Как кто? Разве вы не знаете, что, даже не двигаясь с места, просто обосновавшись, запершись там, наверху, они могут развернуть огромные силы, они обладают исполинской мощью… Одного невидимого луча, выпущенного ими, достаточно, чтобы обратить этот тяжелый камень в нечто полое, мягкое… достаточно одного взгляда. Даже пе взгляда, достаточно молчания… Вы не заметили только что? Вы ничего не почувствовали, когда сказали: ей место в музее… Вы не почувствовали за этим молчанием какого-то омута?.'. — Омута? — Да, когда вы сказали, ей место в музее… — Действительно, я так сказал. Совершенно верно: в музее. Готов повторить. — О, умоляю вас, скажите. Скажите еще раз. Повторите это… с той же непререкаемостью… Держите меня… Они меня тянут, отрывают от вас… Держите крепче… Мне не устоять… Вы слышите их? Они манят меня, околдовывают, они затягивают меня туда, к себе, к тому, что щебечет, скачет, крутится, валяется, подпрыгивает, покусывает, расшвыривает, портит, рушит, насмехается… к беспечности, безразличию, легкомыслию, ветрености, взбалмошности… Держите меня, пе то я схвачу эту гадкую старую каменную зверюгу и ударю ее изо всех сил об стену… А вы, вы слышите этот шум наверху?

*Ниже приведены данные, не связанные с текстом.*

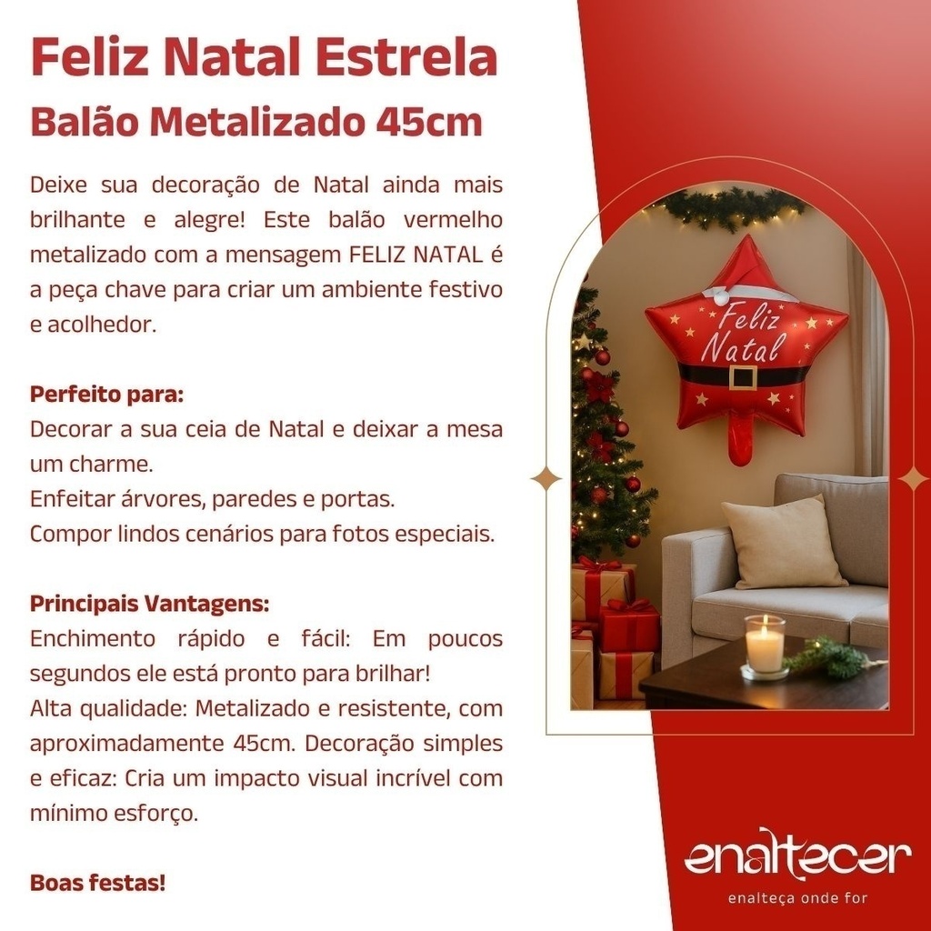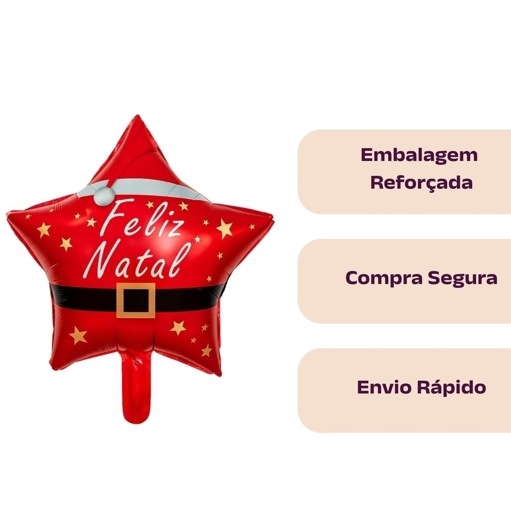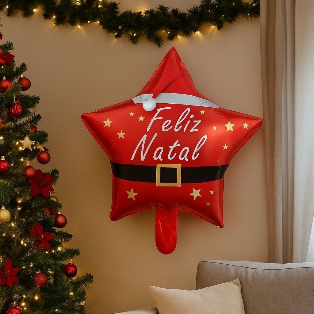 Deixe sua decoração de Natal ainda mais brilhante e alegre! Este balão vermelho metalizado formato de estrela com a mensagem FELIZ NATAL é a peça chave para criar um ambiente festivo e acolhedor.

Встаньте, пойдем посмотрим… Они открывают дверь, наклоняются через перила… Что там?.. Они спускаются… — Видите, что я с ней сделал? Идите сюда, садитесь… поближе, позабавимся вместе, поставим пластинку вашего любимого певца, включим радио, потанцуем…
Они втягивают меня… спасите меня, оградите, повторите еще раз: Ей место в музее. Да. Именно. В музее… скорее… взять ее, завернуть, унести, надежно спрятать. Под охраной. В безопасном месте. В витрине. За непробиваемым стеклом. Среди других вещей — защищенных столь же надежно. Поместите ее туда навеки. Пусть покроется патиной бесчисленных благоговейных взглядов. Пусть заботливый уход многих поколений хранителей обеспечит ей бессмертие. И пусть те, сверху, извлеченные из их логова, приведенные оробелыми группами пред очи бдительных стражей. Усмиренные. Кто посмел чихнуть? Пусть они в молчании, осторожно скользя по натертому паркету, останавливаются по знаку, по короткому приказу гида и почтительно выслушивают освященные пояснения. Какой тупица, какой бесчувственный скот, там, сзади, позволил себе отвлечься? Посмотрел в сторону? Улыбнулся? Выродки. Олухи. Ничтожества. Балбесы. Ничего до них не доходит. Хоть вы и взялись за них с детства, когда они казались еще мягкими как воск, восприимчивыми, водили их сюда, принуждали смотреть. Полагая, что вещи, которые у них перед глазами, излучают нечто, способное пронять самых тупых, самых твердолобых, самых непробиваемых. Принуждать бесполезно. Я вот до сих пор помню, как бывал ошеломлен, когда отец… хотя это случалось нечасто… но было таким счастьем… Я был ему так признателен… Ну, а теперь посмотрите на них, взгляните на этих привилегированных баловней, которые отворачиваются от сокровищ.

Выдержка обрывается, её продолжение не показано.